18/03/2021 Luton’s libraries get a funding boost

Two children sit at a table at a library and colour drawings
Luton's libraries will offer creative activities for children in the area

Active Luton has been running social prescribing services since 2018, but COVID-19 has impacted the trust’s ability to develop a bespoke cultural offer for Luton communities. The Thriving Communities fund provides a perfect opportunity to develop this area of work during 2021. And it will all be done through that much loved community space – Luton’s libraries – which were transferred to Active Luton in April 2020. 

As a dynamic and innovative partnership focused on facilitating and maximising the benefits of new programmes across both the arts and physical activity sectors, Active Luton is well placed to enhance the current social prescribing service, and wider health–related referral pathways. Their funding boost from the Thriving Communities Fund will allow them to provide initiatives that bring people together to address isolation, boost skills, improve relationships, and improve both physical and mental health. 

Many of the services will be delivered in libraries, a much-loved community space where people feel welcome and safe. Co-created holistic support for communities will be welcomed and enjoyed by users, as well as having key benefits such as supporting cultural engagement.   

“It’s not just about individual health, this project is about making communities thrive, and objectives include improved feelings of community cohesion, community value, and contribution to society. Our libraries are a space that has been missed during lockdown. We want to enable people to start enjoying them again in new and interesting ways for the benefit of our community’s health and wellbeing.” - Helen Barnett, Chief Executive of Active Luton

The pilot activity will focus on a satellite and hub model based within the Central Library, extending to libraries in the town’s most deprived areas. The aim is to reach 96 new clients attending regularly, with an end goal of an increased number of adults accessing Luton Adult and Community Learning to improve job prospects and find employment.  

This isn’t just about doing something to people, but empowering them, so that they report an improvement in their networks and ability to source and access advice for themselves. 

Creative activities include interactive theatre, song writing, creative writing, storytelling, and book clubs, plus a plan to offer novel activities not normally associated with libraries through co-production.  This creative offer will be supported by a programme of physical activity with free, instructor-led sessions focusing on having fun and making friends and bringing communities together during challenging times.  

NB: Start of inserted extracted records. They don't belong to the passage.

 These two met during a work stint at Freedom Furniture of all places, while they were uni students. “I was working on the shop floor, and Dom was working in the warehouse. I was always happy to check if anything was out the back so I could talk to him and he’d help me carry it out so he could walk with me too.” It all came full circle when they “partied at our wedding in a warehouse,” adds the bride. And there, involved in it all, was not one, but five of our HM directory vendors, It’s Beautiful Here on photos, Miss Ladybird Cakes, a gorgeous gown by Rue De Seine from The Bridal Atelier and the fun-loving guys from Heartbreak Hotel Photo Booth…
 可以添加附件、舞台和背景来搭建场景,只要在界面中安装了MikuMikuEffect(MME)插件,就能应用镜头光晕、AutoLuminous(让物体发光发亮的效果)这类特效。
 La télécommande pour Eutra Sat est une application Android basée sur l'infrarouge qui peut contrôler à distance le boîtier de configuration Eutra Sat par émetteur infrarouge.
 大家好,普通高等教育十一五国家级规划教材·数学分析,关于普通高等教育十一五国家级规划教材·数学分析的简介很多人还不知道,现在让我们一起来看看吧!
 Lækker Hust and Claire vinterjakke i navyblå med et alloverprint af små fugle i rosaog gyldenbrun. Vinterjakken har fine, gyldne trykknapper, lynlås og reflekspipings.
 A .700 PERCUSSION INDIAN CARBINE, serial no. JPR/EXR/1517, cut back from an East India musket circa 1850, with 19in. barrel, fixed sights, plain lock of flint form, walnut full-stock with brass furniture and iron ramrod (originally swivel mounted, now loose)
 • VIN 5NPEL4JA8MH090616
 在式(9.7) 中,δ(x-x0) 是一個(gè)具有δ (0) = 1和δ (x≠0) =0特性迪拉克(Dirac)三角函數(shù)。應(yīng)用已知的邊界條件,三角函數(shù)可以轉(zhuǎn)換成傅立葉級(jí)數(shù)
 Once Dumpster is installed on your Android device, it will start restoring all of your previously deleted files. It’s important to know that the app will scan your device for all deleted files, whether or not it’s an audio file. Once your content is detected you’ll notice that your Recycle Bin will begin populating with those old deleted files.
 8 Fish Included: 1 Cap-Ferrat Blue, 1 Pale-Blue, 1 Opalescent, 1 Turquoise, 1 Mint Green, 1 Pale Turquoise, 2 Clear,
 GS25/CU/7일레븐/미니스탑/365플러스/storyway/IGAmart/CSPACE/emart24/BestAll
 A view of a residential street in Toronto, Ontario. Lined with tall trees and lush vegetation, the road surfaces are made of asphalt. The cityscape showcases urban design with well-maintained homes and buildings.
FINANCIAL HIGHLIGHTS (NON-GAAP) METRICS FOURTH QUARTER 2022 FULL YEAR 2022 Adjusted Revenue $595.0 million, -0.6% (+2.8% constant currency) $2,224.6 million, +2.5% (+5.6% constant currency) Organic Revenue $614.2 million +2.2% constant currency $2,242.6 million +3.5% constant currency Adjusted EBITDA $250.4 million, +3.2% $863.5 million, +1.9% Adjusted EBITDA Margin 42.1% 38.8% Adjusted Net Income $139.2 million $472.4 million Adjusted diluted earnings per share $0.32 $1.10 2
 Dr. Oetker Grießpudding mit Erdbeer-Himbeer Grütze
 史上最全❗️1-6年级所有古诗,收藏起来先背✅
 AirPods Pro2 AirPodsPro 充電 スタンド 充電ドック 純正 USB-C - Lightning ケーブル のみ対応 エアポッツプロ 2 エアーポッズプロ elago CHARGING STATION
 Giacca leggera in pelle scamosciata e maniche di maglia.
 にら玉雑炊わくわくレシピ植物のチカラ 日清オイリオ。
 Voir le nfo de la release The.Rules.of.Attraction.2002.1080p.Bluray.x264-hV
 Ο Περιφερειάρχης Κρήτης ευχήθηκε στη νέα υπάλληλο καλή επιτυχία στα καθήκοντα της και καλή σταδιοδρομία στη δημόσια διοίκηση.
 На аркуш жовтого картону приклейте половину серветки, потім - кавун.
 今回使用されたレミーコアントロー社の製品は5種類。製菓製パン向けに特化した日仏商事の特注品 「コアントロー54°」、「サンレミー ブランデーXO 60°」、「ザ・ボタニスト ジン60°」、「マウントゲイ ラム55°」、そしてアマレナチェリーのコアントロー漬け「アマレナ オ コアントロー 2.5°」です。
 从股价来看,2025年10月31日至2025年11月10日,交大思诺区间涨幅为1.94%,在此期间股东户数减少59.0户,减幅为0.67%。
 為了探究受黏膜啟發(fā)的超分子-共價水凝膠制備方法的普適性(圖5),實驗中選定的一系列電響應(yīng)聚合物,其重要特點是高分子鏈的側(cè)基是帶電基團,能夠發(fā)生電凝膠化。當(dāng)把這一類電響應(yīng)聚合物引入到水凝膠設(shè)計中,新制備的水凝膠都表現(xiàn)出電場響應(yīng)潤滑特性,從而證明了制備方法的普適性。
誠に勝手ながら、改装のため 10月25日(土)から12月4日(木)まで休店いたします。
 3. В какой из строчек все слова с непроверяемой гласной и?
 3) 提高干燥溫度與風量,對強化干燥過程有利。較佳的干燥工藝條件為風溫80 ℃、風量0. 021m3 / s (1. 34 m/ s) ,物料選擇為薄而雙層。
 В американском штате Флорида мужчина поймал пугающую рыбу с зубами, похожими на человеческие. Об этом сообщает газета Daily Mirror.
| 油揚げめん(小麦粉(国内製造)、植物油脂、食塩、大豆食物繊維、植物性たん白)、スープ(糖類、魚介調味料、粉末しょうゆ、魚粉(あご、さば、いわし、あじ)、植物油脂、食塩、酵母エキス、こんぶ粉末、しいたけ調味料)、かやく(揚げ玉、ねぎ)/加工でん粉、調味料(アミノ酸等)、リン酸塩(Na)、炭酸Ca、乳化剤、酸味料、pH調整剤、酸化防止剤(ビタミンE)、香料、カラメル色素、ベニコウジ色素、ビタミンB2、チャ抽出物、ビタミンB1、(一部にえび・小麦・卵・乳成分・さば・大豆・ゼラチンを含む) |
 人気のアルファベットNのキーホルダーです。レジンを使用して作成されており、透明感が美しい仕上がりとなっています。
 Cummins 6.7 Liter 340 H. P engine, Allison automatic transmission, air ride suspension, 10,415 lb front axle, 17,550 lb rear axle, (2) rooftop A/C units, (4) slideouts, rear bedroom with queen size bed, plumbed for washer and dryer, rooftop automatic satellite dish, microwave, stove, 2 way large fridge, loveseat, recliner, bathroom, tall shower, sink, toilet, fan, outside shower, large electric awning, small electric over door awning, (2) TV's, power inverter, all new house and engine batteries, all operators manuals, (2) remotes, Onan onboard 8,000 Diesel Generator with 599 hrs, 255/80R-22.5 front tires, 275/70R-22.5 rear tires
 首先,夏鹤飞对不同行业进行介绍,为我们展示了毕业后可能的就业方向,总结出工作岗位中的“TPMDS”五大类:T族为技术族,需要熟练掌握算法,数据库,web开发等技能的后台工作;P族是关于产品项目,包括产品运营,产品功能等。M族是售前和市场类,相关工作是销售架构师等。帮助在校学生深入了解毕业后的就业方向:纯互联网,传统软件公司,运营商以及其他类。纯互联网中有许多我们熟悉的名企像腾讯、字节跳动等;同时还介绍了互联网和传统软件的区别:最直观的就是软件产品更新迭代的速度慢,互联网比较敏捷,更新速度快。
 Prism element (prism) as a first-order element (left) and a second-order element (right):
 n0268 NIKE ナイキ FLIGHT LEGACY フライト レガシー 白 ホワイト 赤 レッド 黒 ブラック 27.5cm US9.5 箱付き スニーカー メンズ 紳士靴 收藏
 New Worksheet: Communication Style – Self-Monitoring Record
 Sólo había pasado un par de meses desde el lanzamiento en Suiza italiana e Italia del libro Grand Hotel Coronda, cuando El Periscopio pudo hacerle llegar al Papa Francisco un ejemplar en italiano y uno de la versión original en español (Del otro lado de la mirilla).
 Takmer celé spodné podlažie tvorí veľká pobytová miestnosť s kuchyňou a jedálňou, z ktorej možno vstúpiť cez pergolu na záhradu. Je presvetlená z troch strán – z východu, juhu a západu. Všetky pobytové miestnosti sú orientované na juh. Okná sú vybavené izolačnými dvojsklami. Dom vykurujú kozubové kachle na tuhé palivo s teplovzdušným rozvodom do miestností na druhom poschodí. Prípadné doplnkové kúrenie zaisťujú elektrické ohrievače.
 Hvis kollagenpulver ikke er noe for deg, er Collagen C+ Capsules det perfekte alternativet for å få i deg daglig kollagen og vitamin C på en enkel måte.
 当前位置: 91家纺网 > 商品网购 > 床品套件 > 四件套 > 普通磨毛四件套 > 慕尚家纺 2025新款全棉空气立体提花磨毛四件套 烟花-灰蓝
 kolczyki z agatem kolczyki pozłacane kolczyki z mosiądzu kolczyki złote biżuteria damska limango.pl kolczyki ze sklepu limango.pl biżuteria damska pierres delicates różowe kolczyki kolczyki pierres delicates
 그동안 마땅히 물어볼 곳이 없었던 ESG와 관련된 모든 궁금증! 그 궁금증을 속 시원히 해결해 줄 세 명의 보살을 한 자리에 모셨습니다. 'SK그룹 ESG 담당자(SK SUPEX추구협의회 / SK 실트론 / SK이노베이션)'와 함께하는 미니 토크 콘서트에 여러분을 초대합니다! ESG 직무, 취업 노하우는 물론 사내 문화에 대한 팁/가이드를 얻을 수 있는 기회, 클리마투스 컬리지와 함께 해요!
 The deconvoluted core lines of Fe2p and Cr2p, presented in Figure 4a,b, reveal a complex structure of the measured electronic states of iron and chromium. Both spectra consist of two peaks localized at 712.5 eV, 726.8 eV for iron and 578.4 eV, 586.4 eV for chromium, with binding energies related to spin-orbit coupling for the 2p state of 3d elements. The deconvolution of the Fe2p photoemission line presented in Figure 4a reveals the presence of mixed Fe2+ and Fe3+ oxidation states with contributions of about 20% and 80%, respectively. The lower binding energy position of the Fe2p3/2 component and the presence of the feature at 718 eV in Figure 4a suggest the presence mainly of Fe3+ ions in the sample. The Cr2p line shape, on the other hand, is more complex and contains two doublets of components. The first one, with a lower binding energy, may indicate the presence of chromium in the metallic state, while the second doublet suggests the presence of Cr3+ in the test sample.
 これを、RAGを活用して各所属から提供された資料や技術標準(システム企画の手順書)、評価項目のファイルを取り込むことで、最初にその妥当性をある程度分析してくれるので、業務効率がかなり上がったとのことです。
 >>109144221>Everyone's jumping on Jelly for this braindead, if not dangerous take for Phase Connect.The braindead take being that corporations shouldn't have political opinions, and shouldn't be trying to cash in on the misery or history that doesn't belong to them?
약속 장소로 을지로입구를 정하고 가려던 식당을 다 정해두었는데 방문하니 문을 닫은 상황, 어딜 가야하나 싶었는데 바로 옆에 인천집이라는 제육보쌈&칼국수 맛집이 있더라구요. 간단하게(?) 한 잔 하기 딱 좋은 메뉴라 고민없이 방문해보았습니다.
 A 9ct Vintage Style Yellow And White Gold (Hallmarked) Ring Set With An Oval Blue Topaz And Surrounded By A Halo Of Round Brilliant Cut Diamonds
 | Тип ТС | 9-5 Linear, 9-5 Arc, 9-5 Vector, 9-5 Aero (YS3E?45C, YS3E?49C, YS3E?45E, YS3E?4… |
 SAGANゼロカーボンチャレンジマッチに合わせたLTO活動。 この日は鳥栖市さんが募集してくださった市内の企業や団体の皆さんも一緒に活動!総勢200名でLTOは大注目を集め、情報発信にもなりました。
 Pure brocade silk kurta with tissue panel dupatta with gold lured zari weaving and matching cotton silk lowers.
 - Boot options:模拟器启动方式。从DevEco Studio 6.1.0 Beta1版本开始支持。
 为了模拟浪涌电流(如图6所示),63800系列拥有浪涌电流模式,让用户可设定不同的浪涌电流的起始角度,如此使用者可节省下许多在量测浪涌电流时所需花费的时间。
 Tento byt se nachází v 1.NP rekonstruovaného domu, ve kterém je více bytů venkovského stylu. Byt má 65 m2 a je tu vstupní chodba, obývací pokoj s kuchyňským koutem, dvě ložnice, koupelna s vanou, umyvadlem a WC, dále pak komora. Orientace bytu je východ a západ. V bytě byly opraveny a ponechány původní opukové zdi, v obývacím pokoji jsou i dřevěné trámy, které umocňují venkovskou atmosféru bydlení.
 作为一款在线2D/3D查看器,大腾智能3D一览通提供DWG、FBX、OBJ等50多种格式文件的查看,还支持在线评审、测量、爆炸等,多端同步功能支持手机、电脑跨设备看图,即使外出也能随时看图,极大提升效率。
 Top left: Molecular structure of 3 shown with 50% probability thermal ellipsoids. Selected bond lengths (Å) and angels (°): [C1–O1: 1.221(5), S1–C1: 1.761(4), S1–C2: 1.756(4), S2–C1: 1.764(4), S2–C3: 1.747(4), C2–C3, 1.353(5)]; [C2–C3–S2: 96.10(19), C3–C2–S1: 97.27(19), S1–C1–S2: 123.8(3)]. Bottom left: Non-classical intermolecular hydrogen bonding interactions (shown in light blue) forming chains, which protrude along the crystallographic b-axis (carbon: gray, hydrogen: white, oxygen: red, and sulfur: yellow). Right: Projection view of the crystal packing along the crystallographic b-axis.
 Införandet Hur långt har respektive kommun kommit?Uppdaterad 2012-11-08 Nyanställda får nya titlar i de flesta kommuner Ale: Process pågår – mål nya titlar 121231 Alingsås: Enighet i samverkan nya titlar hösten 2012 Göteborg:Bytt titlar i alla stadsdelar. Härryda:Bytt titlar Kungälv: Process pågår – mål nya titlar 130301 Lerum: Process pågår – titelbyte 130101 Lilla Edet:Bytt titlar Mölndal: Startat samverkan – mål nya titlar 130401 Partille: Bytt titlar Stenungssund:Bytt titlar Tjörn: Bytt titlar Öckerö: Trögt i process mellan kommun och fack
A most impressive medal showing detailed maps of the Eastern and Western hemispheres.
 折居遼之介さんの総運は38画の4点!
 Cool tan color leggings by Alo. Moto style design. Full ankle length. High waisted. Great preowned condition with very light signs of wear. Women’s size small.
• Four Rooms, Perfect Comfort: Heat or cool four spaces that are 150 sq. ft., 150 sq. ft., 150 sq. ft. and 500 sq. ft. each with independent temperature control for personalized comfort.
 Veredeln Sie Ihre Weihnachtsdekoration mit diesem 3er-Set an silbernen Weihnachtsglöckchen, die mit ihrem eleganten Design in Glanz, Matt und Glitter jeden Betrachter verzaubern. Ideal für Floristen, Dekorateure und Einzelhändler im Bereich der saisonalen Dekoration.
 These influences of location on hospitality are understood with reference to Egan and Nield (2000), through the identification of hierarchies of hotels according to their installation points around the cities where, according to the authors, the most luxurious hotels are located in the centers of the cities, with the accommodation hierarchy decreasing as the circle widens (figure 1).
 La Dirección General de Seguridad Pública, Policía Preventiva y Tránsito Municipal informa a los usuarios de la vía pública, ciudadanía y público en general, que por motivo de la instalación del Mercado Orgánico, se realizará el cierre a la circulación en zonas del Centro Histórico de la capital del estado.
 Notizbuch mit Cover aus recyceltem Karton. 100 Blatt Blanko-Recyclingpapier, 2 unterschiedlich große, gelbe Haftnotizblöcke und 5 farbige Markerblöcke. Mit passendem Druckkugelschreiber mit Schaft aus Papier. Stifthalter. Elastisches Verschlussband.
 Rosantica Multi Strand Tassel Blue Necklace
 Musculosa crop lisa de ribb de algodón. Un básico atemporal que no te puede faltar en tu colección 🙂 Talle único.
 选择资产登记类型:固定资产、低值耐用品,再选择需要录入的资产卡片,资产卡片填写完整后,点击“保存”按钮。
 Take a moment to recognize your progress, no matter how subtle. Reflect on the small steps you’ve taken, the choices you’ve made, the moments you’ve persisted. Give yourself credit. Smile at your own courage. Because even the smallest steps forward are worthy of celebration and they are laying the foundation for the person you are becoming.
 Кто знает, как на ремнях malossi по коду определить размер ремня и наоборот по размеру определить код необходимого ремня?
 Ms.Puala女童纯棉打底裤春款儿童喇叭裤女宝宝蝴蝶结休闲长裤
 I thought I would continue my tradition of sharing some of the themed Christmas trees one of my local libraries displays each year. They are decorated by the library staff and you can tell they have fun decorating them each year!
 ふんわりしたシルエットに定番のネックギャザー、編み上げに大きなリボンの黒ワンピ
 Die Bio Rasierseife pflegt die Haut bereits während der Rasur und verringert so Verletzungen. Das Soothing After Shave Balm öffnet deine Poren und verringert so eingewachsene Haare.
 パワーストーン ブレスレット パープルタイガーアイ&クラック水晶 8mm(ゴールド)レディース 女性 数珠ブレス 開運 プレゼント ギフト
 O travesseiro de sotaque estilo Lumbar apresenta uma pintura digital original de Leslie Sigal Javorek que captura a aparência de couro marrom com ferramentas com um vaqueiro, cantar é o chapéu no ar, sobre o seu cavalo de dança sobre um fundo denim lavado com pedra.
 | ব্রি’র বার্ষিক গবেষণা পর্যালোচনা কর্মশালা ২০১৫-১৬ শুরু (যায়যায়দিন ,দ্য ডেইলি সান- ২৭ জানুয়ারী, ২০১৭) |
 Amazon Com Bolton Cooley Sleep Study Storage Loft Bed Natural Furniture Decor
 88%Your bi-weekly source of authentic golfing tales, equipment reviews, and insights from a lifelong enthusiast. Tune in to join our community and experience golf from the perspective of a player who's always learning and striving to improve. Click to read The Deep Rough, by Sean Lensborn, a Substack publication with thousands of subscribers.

One of the key partners will be Total Wellbeing Luton, a partnership between social enterprise Turning Point and Active Luton, who deliver the town’s integrated Health and Wellbeing service. Luton Council will support the project by offering guidance and insight into the most serious inequalities and health impacts of COVID-19; linking the project with the town’s arts and culture strategy. There will be close collaboration with Luton Access, who meet the holistic needs of local people by providing access to health and wellbeing services, advice, and skills and employment services. 

Active Luton’s hope is that Luton’s communities will find resilience and rejuvenation throughout 2021, and rebuild after the pandemic. They will feel empowered to live healthy lifestyles, and become parts of their community – all aided through social prescribing. 


Lynne Murray is the Director of Marketing and Business Development at Active Luton.